El rey morirá en Sevilla by Juan Cartaya

El rey morirá en Sevilla by Juan Cartaya

autor:Juan Cartaya [Cartaya, Juan]
La lengua: spa
Format: epub
Tags: Novela, Histórico
editor: ePubLibre
publicado: 2023-04-15T00:00:00+00:00


* * *

Un terrible grito, largo, agudo y sobrehumano se escuchó proveniente de uno de los edificios cercanos a los huertos. Medina, haciéndole una seña a Pacheco para que le acompañara, salió de la gran sala seguido de dos alguaciles y de un familiar de la Inquisición a quienes Martel y Saavedra, entendiéndose sin palabras, indicaron que salieran tras los dos pesquisidores. Moviéndose con prudencia por un terreno que desconocían, seguían todos ellos el reclamo del grito, que inicialmente fuerte y continuado se iba modulando cada vez más y más, empequeñeciéndose hasta reducirse a un leve y doloroso gorgoteo que era ya lo único que se escuchaba cuando el grupo entró en la almazara: tapándose la nariz con un pañuelo debido al penetrante olor al aceite y a la carne quemados, Medina pudo apreciar cómo al fondo de la nave una de las últimas tinajas había ardido con lo que albergaba dentro, y que uno de los prostitutos de la finca, inmóvil y en pie aún frente a la boca del bocoy, contemplaba lo que estaba ocurriendo —aunque no era muy difícil suponerlo— dentro del recipiente.

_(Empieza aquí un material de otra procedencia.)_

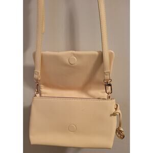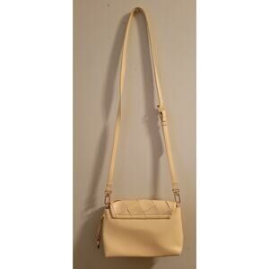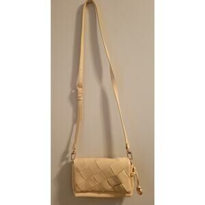 Anne Klein Crossbody Bag Tan/Beige Purse Basket Weave Design Flap Over Closure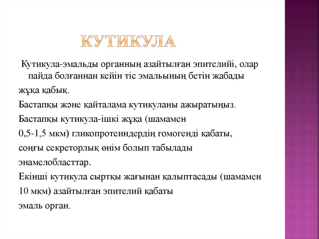 Кутикула-эмальды органның азайтылған эпителийі, оларпайда болғаннан кейін тіс эмальының бетін жабады

Pacheco se adelantó, agarrando al muchacho por los hombros, y se asomó con prudencia. Lo que vio no fue precisamente algo agradable: alguien que había sido hasta hacía poco un ser humano estaba quemándose en un baño de un aceite espeso que se había inflamado y que había hecho arder vivo al ocupante de la gran tinaja. El cuerpo, retorcido, se movía aún con unos espasmos automáticos. El rostro había desaparecido: los ojos habían estallado, la piel se había convertido en un amasijo burbujeante, las orejas eran ya dos agujeros a ambos lados de la calva e incendiada cabeza, y la barba aún ardía. La ropa, empapada de aceite, había funcionado como la resina de una tea: el torso, los brazos, las piernas eran poco menos que apéndices ennegrecidos que aún seguían ardiendo. El hombre, pues eso había sido, sin duda ya había muerto. Y muy dolorosamente.

—¿Qué ha ocurrido, mozo? ¿Quién era? —preguntó el beneficiado al muchacho al que aún sostenía por los hombros, y que temblaba convulsivamente.

—Ha recibido… ha recibido algo que desde hace mucho tiempo se merecía. Era el dueño de esta casa; se llamaba Freire.